C.6 Diagnosing Cluster Hangs
Conditions like the following can cause a OpenVMS Cluster computer to
suspend process or system activity (that is, to hang):
C.6.1 Cluster Quorum is Lost
The OpenVMS Cluster quorum algorithm coordinates activity among OpenVMS
Cluster computers and ensures the integrity of shared cluster
resources. (The quorum algorithm is described fully in Chapter 2.)
Quorum is checked after any change to the cluster configuration---for
example, when a voting computer leaves or joins the cluster. If quorum
is lost, process and I/O activity on all computers in the cluster are
blocked.
Information about the loss of quorum and about clusterwide events that
cause loss of quorum are sent to the OPCOM process, which broadcasts
messages to designated operator terminals. The information is also
broadcast to each computer's operator console (OPA0), unless broadcast
activity is explicitly disabled on that terminal. However, because
quorum may be lost before OPCOM has been able to inform the operator
terminals, the messages sent to OPA0 are the most reliable source of
information about events that cause loss of quorum.
If quorum is lost, you might add or reboot a node with additional votes.
Reference: See also the information about cluster
quorum in Section 10.11.
C.6.2 Inaccessible Cluster Resource
Access to shared cluster resources is coordinated by the distributed
lock manager. If a particular process is granted a lock on a resource
(for example, a shared data file), other processes in the cluster that
request incompatible locks on that resource must wait until the
original lock is released. If the original process retains its lock for
an extended period, other processes waiting for the lock to be released
may appear to hang.
Occasionally, a system activity must acquire a restrictive lock on a
resource for an extended period. For example, to perform a volume
rebuild, system software takes out an exclusive lock on the volume
being rebuilt. While this lock is held, no processes can allocate space
on the disk volume. If they attempt to do so, they may appear to hang.
Access to files that contain data necessary for the operation of the
system itself is coordinated by the distributed lock manager.
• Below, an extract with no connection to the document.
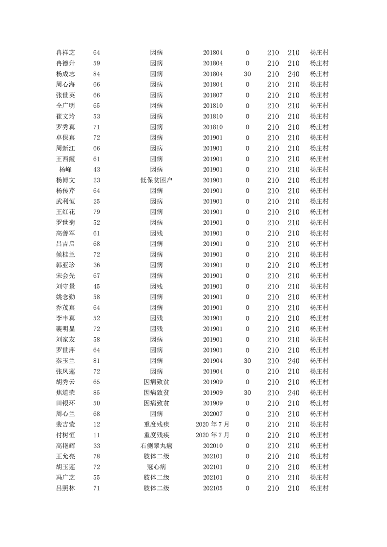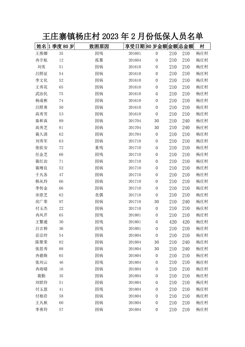 王庄寨镇杨庄村2023年2月份农村低保名单

For this
reason, a process that acquires a lock on one of these resources and is
then unable to proceed may cause the cluster to appear to hang.
For example, this condition may occur if a process locks a portion of
the system authorization file (SYS$SYSTEM:SYSUAF.DAT) for write access.
Any activity that requires access to that portion of the file, such as
logging in to an account with the same or similar user name or sending
mail to that user name, is blocked until the original lock is released.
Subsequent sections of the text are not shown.